South Career and Technical Academy (SCTA) would be constructed on an empty lot that borders Starr and Neal avenues, and Gilespie and La Cienega streets, according to a site plan.

In documents given to the Clark County Zoning Commission, the district states it hopes to begin construction in the fall of 2024 and open the school to students in the fall of 2026.

“We’re really concerned. We’ve talked about possibly selling our house. Or possibly moving out, buying somewhere else and renting this one out,” Dedan Thomas said.

Thomas lives nearby and he says the proposed high school would not only block his view of the Las Vegas Raiders practice facility, which is located near St. Rose Pkwy and Starr Ave, but also increase traffic to his street.

“You’re talking about three schools within a mile, a mile and a half radius. It would’ve been fine for more homes. They’re building more homes here,” Thomas said.

Residents talk about the plan to put a three-story school in their neighborhood. (KLAS)

The CCSD schools that are already in this south valley area are Liberty High and Schorr Elementary.

According to CCSD’s plans, SCTA would house about 1,800 students but homeowners say there is just no room.

“They’re trying to stuff a large watermelon into a plastic grocery bag and waiting for it to split,” Kevin Paulsen, president of a nearby homeowner association, said.

Paulsen is referring to the 20 acres CCSD wants to use to build the three-story school. Several homeowners 8 News Now spoke with say CCSD is attempting to ram this project through.

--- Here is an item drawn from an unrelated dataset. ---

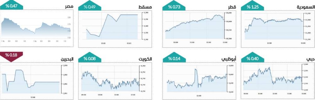 وعلى مستوى البورصات العربية، ارتفع مؤشر «تاسي» السعودي 1.25 %، والكويت 0.08%، وقطر 0.73%، ومسقط 0.49%، فيما تراجعت بورصة البحرين 0.18%، وخارج منطقة الخليج، صعد مؤشر بورصة مصر 0.47%.
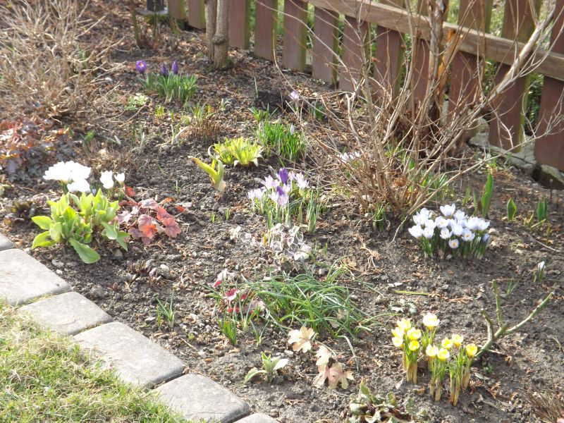 Rabatki pełne kolorów, tyle wilgoci masz w ziemi? dobrze z jednej strony ale gdy trudno wejść do ogródka to juz nie tak dobrze....zapowiadają słońce i wyzsze temperatury, u mnie noca byl przymrozek, w dzien wiatr lodowaty....brrrrr

“They need to provide a traffic study. They’ve still failed to do that and they’re talking breaking ground in 2024. So, we’d like to see what this school is actually going to do in this area,” Sterling Kavitky, vice president of the Tierra Linda subdivision, said.

Homeowner Michael Pride doesn’t buy into the idea that having a magnet school in your backyard improves property values.

“I’ve seen the amount of cars that’s flooding the neighborhoods. It’s dangerous, and dangerous situations don’t improve property values. Safe ones do,” Pride said.

The Clark County Zoning Commission will consider approving CCSD’s plans for South Career and Technical Academy at its Wednesday meeting.

Several of the homeowners 8 News Now spoke with will be in attendance.